=== Recorded information ===
*** Begin section ***

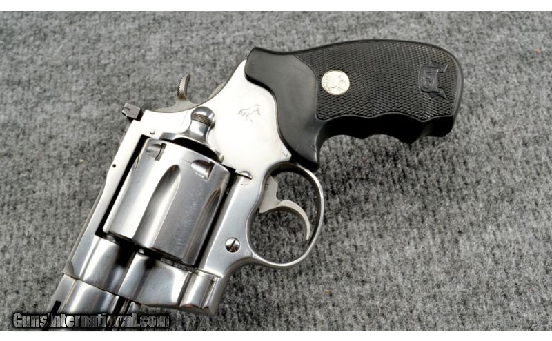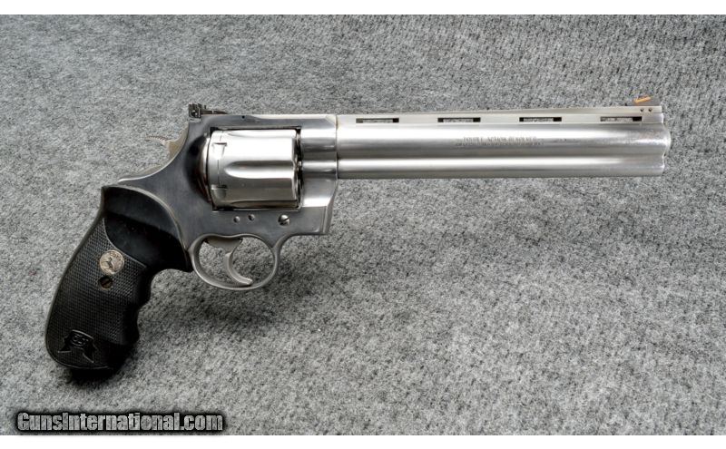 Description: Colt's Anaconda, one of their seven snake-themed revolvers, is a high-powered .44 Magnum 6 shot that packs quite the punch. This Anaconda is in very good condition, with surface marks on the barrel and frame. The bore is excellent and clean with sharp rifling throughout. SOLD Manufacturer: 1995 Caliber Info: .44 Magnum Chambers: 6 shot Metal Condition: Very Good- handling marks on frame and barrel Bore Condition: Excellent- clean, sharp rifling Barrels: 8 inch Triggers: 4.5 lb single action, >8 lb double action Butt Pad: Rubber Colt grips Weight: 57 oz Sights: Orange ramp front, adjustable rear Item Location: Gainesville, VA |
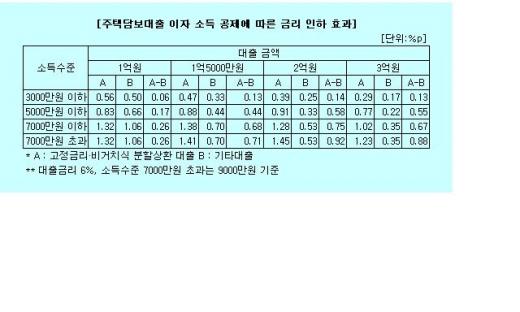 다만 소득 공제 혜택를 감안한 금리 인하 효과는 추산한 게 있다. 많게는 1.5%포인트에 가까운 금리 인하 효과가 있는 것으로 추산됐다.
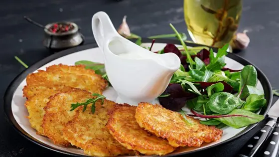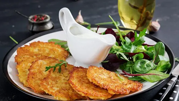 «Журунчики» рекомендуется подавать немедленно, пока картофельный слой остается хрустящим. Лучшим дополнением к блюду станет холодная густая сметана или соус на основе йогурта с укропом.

*** End section ***

=== Task description ===
Would you copy all of the data exactly? Keep the pictures out of it.

=== Response to the task ===
 Description: Colt's Anaconda, one of their seven snake-themed revolvers, is a high-powered .44 Magnum 6 shot that packs quite the punch. This Anaconda is in very good condition, with surface marks on the barrel and frame. The bore is excellent and clean with sharp rifling throughout. SOLD Manufacturer: 1995 Caliber Info: .44 Magnum Chambers: 6 shot Metal Condition: Very Good- handling marks on frame and barrel Bore Condition: Excellent- clean, sharp rifling Barrels: 8 inch Triggers: 4.5 lb single action, >8 lb double action Butt Pad: Rubber Colt grips Weight: 57 oz Sights: Orange ramp front, adjustable rear Item Location: Gainesville, VA |
 다만 소득 공제 혜택를 감안한 금리 인하 효과는 추산한 게 있다. 많게는 1.5%포인트에 가까운 금리 인하 효과가 있는 것으로 추산됐다.
 «Журунчики» рекомендуется подавать немедленно, пока картофельный слой остается хрустящим. Лучшим дополнением к блюду станет холодная густая сметана или соус на основе йогурта с укропом.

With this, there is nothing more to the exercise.